CsvSchema 扫描directory文件路径，找到所有“.csv”文件，为每个文件创建对应的一张表，本例中directory = target/test-classes/sales，文件路径下包含EMPS.csv and DEPTS.csv,对应实现EMPS和DEPTS两张表。

小结

我们不需要在model中定义任何表，schema自动生成这些表，主要流程如下：

model文件——指定——> XXXSchemaFactory——实现SchemaFactory构建——>XXXSchema—–实现AbstractSchema构建table—->XXXTable—-实现Table接口—>实现Scan文件任务

Tables and views in schema

除了schema自动生成表，还可以利用schema的tables属性定义额外的表。

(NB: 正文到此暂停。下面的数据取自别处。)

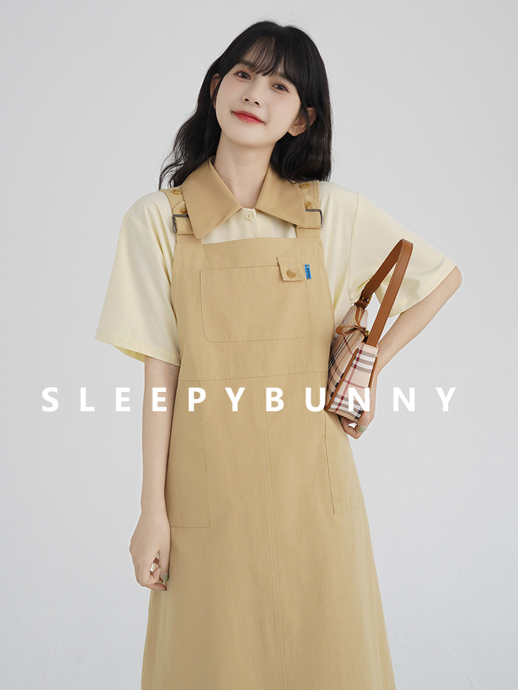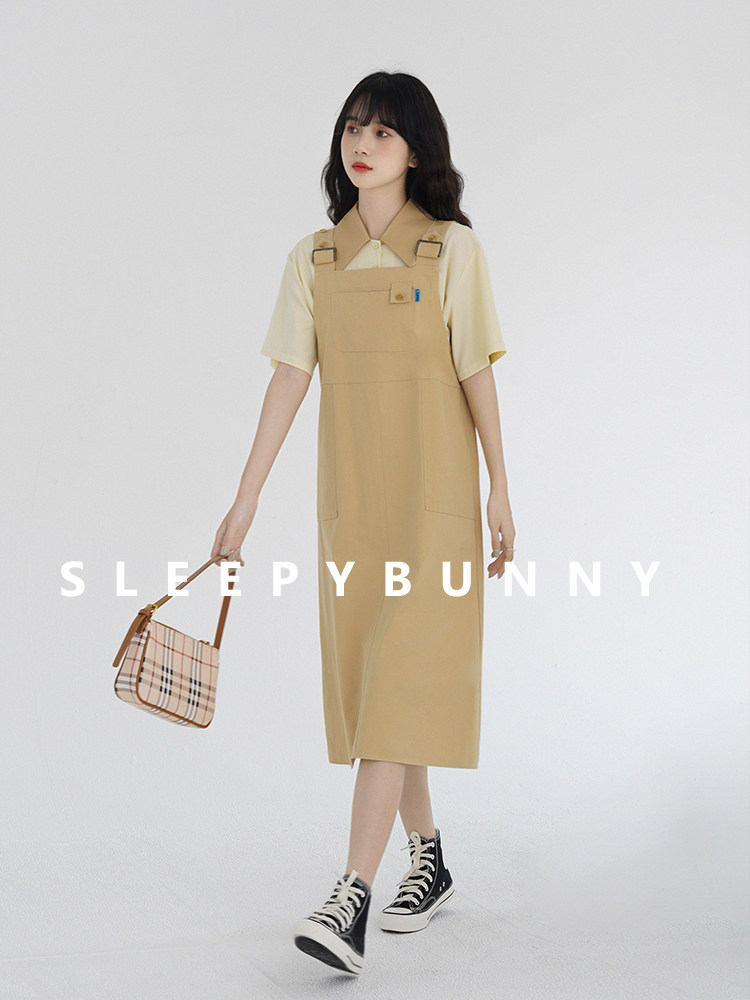 Летнее платье, милая свежая длинная юбка для отдыха, свободный прямой крой, простой и элегантный дизайн, оверсайз, средней длины

下面是如何在schema中定义view视图的例子：

{
  version: '1.0',
  defaultSchema: 'SALES',
  schemas: [
    {
      name: 'SALES',
      type: 'custom',
      factory: 'org.apache.calcite.adapter.csv.CsvSchemaFactory',
      operand: {
        directory: 'target/test-classes/sales'
      },
      tables: [
        {
          name: 'FEMALE_EMPS',
          type: 'view',
          sql: 'SELECT * FROM emps WHERE gender = \'F\''
        }
      ]
    }
  ]
}

其中：

‘view’ 标识 FEMALE_EMPS 为视图

对于视图，我们可以像普通表一样查询：


sqlline> SELECT e.name, d.name FROM female_emps AS e JOIN depts AS d on e.deptno = d.deptno;
+--------+------------+
|  NAME  |    NAME    |
+--------+------------+
| Wilma  | Marketing  |
+--------+------------+

Custom tables

Custom table: 用户代码直接实现的表（而不是通过schema实现）

model-with-custom-table.json中的一个例子，如下:

{
  version: '1.0',
  defaultSchema: 'CUSTOM_TABLE',
  schemas: [
    {
      name: 'CUSTOM_TABLE',
      tables: [
        {
          name: 'EMPS',
          type: 'custom',
          factory: 'org.apache.calcite.adapter.csv.CsvTableFactory',
          operand: {
            file: 'target/test-classes/sales/EMPS.csv.gz',
            flavor: "scannable"
          }
        }
      ]
    }
  ]
}

查询方式如下:

sqlline> !connect jdbc:calcite:model=target/test-classes/model-with-custom-table.json admin admin
sqlline> SELECT empno, name FROM custom_table.emps;
+--------+--------+
| EMPNO  |  NAME  |
+--------+--------+
| 100    | Fred   |
| 110    | Eric   |
| 110    | John   |
| 120    | Wilma  |
| 130    | Alice  |
+--------+--------+

The schema is a regular one, and contains a custom table powered by org.apache.calcite.adapter.csv.CsvTableFactory, which implements the Calcite interface TableFactory. Its create method instantiates a CsvScannableTable, passing in the file argument from the model file:
和上面给出过的schema类似，多出一个rg.apache.calcite.adapter.csv.CsvTableFactory标识表的创建工厂（CsvTableFactory实现TableFactory，create()方法中实现CsvScannableTable）

public CsvTable create(SchemaPlus schema, String name,
    Map<String, Object> map, RelDataType rowType) {
  String fileName = (String) map.get("file");//model中的参数，直接指定文件路径，不需要扫描文件
  final File file = new File(fileName);
  final RelProtoDataType protoRowType =
      rowType != null ? RelDataTypeImpl.proto(rowType) : null;
  return new CsvScannableTable(file, protoRowType);
}

小结与对比

作为实现custom schema的补充，实现custom table和上面的custom schema自动创建表一样最后都要实现一个类似的Table接口，不同的是custom table不需要实现 metadata discovery（CsvTableFactory和CsvSchema一样都要创建CsvScannableTable，只不过不需要扫描文件找.csv文件，文件路径是明确指定的）
Custom tables需要开发者为每张表提供明确的文件（路径），同时也给开发者提供了更过可控的可能性（为每个表给定不同的参数）

Comments in models

Models can include comments using /* … */ and // syntax:

{
  version: '1.0',
  /* Multi-line
     comment. */
  defaultSchema: 'CUSTOM_TABLE',
  // Single-line comment.
  schemas: [
    ..
  ]
}

(Comments are not standard JSON, but are a harmless extension.)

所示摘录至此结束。